Intelligent fault diagnosis and protection strategy for flexible HVDC transmission systems

Sep 2026 · International Conference on Intelligent Transportation Systems and Automation Control · Vol 14368, pp. 1436829 - 1436829-9 · 0 citations · 15 references
Engineering

Abstract

Flexible high-voltage direct current (HVDC) transmission based on voltage-source converters (VSCs) and modular multilevel converters (MMCs) is becoming a critical interface for renewable-energy delivery, port and rail energy facilities, and high-power charging infrastructure. From an automation-control perspective, the protection layer must convert synchronized measurements into selective control commands within only a few milliseconds while avoiding misoperation under noise, high fault resistance, and communication latency.
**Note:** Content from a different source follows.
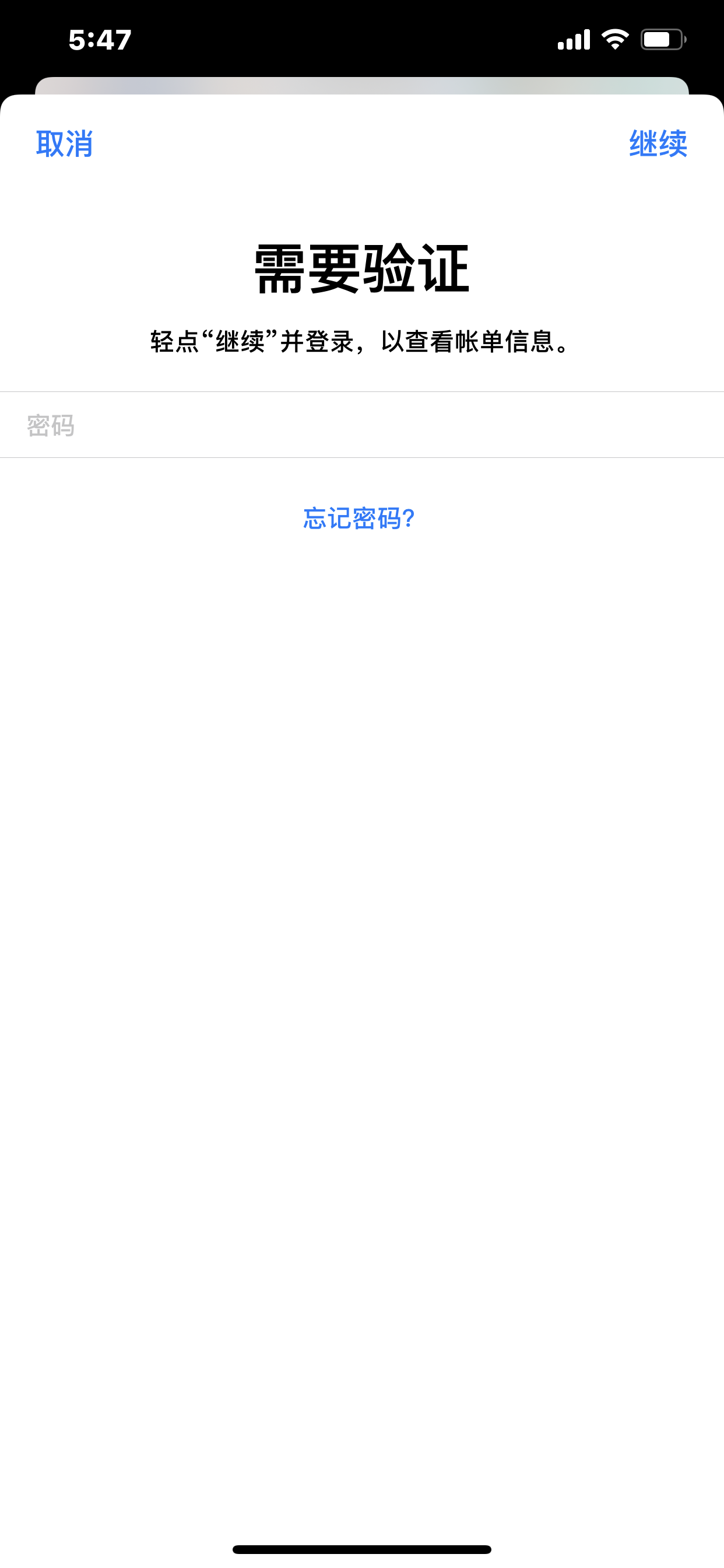 - 请按照操作提示输入密码后点击“继续”,完善账单信息。

This paper proposes a dual-domain attention diagnosis and adaptive protection logic (DDA-APL) framework for flexible HVDC systems. The method fuses optical current/voltage measurements, traveling-wave features, pole voltage/current transients, and converter-state variables. A one-dimensional convolutional network extracts steep-front fault components, a gated temporal convolution layer preserves short-window dynamics, and a self-attention module assigns adaptive weights to informative channels. A multitask head outputs the fault category, line zone, distance estimate, and protection confidence. These outputs drive an action-scoring controller that coordinates selective direct-current (DC) circuit-breaker tripping, converter blocking, current-limiter insertion, and submodule bypass while retaining a deterministic backup path. A ±500kV, 1000 MW MMC-based HVDC benchmark was built in electromagnetic transient simulation, and 7200 cases were generated across fault types, locations, resistances, noise levels, and operation modes. The proposed method achieved 99.2% classification accuracy, a 0.72km mean location error, and a 1.38ms median protection decision time, outperforming the traveling-wave threshold, support vector machine (SVM), random forest, and convolutional neural network-long short-term memory (CNN-LSTM) baselines. The results demonstrate that the closed-loop integration of intelligent diagnosis and protection constraints improves sensitivity, security, and autonomous control performance in converter-station protection.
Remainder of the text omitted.